In 2019, following the October 2018 removal of Guy W. Bailey’s name from what is now Howe Library, former University President Tom Sullivan released a statement apologizing for UVM’s historic involvement in and support of eugenics in Vermont.
Don Stevens, chief of the Nulhegan Band of the Coosuk-Abenaki Nation, praised Sullivan’s statement in a June 2019 Seven Days article.
However, in 2021, Stevens critiqued the name change, suggesting that the University should have kept the original name of the library building but made educational resources accessible about the history of Bailey’s role in the institution, according to a May 10, 2021 Cynic article.
UVM celebrated its first Indigenous Peoples’ Day in 2019 with widespread campus events, including a traditional Abenaki healing ceremony performed by Stevens and Roger Longtoe Sheehan, chief of the Elnu Abenaki tribe, as described in an October 2019 Cynic article.
In addition, they invited Indigenous keynote speaker Sarah Adams-Cornell, a citizen of the Choctaw Nation of Oklahoma and an outspoken activist for Indigenous and women’s rights, LGBTQ+ equality and environmental justice, according to the Center for Cultural Pluralism’s page on the first Indigenous Peoples’ Day.
In contrast, the observance for this year’s Indigenous Peoples’ Day was much smaller and understated, including just a one-hour panel and film discussion. Instead of continuing the steps towards partnership and collaboration with surrounding Indigenous communities, the University seems to be backpedaling towards apathy.

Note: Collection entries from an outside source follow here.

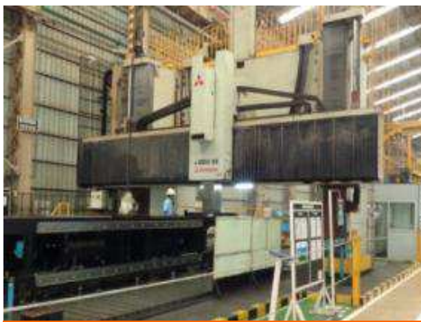
Vertical Boring Machine Mitsubishi MVR 54/60 (L=8,000, W=5,400, H=2,500) mm
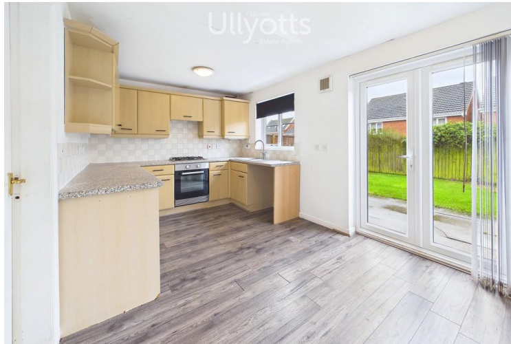
Kitchen Dining Area
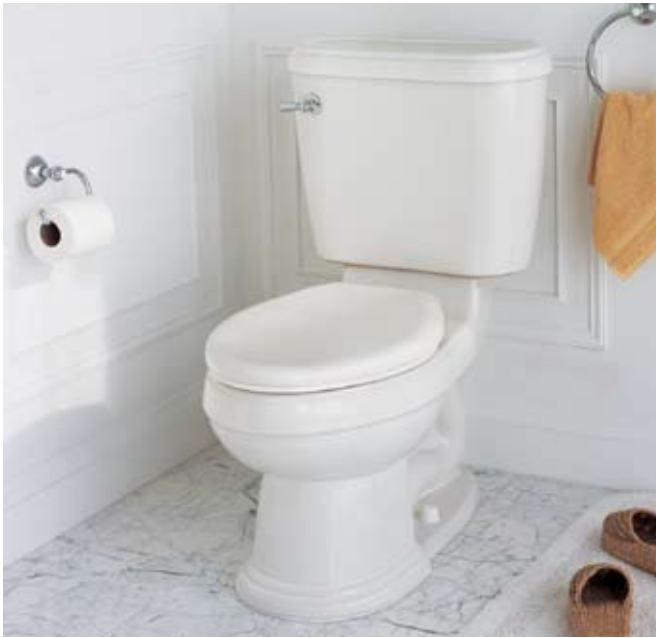
Oakmont Champion 4 Two-Piece Toilet • Right Height Elongated • Elongated • Round Front

Both our new Compact Cadet 3 Right Height one-piece and two-piece elongated toilets will fit easily into a round front space, so you can have an elongated bowl in a smaller space without sacrificing comfort.
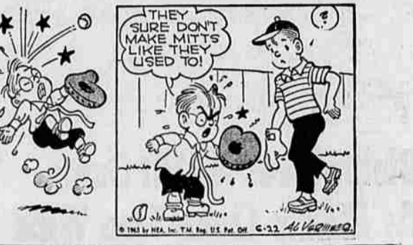
THEY DON'T MAKE MITTS LIKE THEY USED TO!
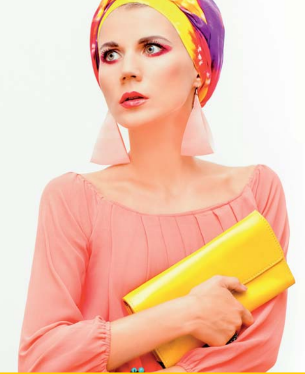
WE RECOMMEND PERFORMING APPLICATION TESTS BEFORE PROCESSING THE PRODUCT.
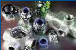
T&B Rigid Fittings
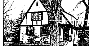
CHARMING STUCCO TUDOR on oversized lot. Living room with fireplace, formal dining room with built-ins, cherry cabinets in updated kitchen. 3 bedrooms. Family room opens to deck. Birmingham Schools. $174,900. (644-6300)
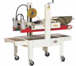
AS323 (Auto. Flap-folding Model) Carton Sealing Machine 半自动封箱机 Power Supply/供给电源: 110V/220-240V/50-60Hz Power/功率: 180W Conveyor Speed/输送速度: 20m/min Max. Carton Size/最大纸箱尺寸: L600xW450xH600mm Min. Carton Size/最小纸箱尺寸: L150xW160xH100mm Width Of Tape/胶带宽度: 50mm or 60mm Machine Size/机器尺寸: 1910x870x1535mm
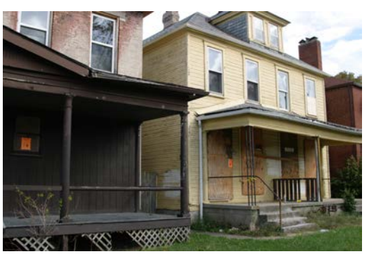
Example of boarded-up housing in Weinland Park at the beginning of the WPC's work.

Two other important aspects to highlight about UVM’s interactions with Indigenous peoples are its status as a land-grant university as well as its association with Justin S. Morrill, the namesake of Morrill Hall, who wrote and proposed the Morrill Land Grant College Act of 1862.
UVM reaped the benefits from grants of stolen Indigenous land, which involved the dispossession of tribes in the West, according to a Sept. 23, 2021 Cynic article.
So, what should UVM do? Well, we can first take a lesson from another Vermont school.
Middlebury College, which released a land acknowledgement in 2021, included in their acknowledgement a section committing to actionable initiatives to promote education and positive engagement with Indigenous communities.
In praise of their land acknowledgement statement, Stevens told the Middlebury Campus about the failings of land acknowledgements that lack plans to give back or give Indigenous people the opportunity to use the land and resources that were originally theirs, according to a May 13, 2021 Middlebury Campus article.
Here are just some ways that UVM can begin to move forward:
- Formulate an official land acknowledgement in collaboration with local Indigenous communities and relevant student groups.
- Include a commitment to create partnerships with Indigenous peoples in order to repair the harm done to these communities and to share the resources UVM benefits from.
- Include practical actions and next steps the University will take to support Indigenous communities, such as voluntary land taxes, hiring programs and tuition waivers for prospective Indigenous students.
- Add a public and permanent acknowledgement outside of Howe Library regarding the history of the building and Guy W. Bailey’s support of the eugenics movement.
- Rethink the naming of Morrill in collaboration with representatives from local Indigenous communities and relevant student groups.
As students, we cannot directly change the University’s policies, but we can urge the administration to do better. Indigenous people deserve access to the resources and the land that rightfully belong to them.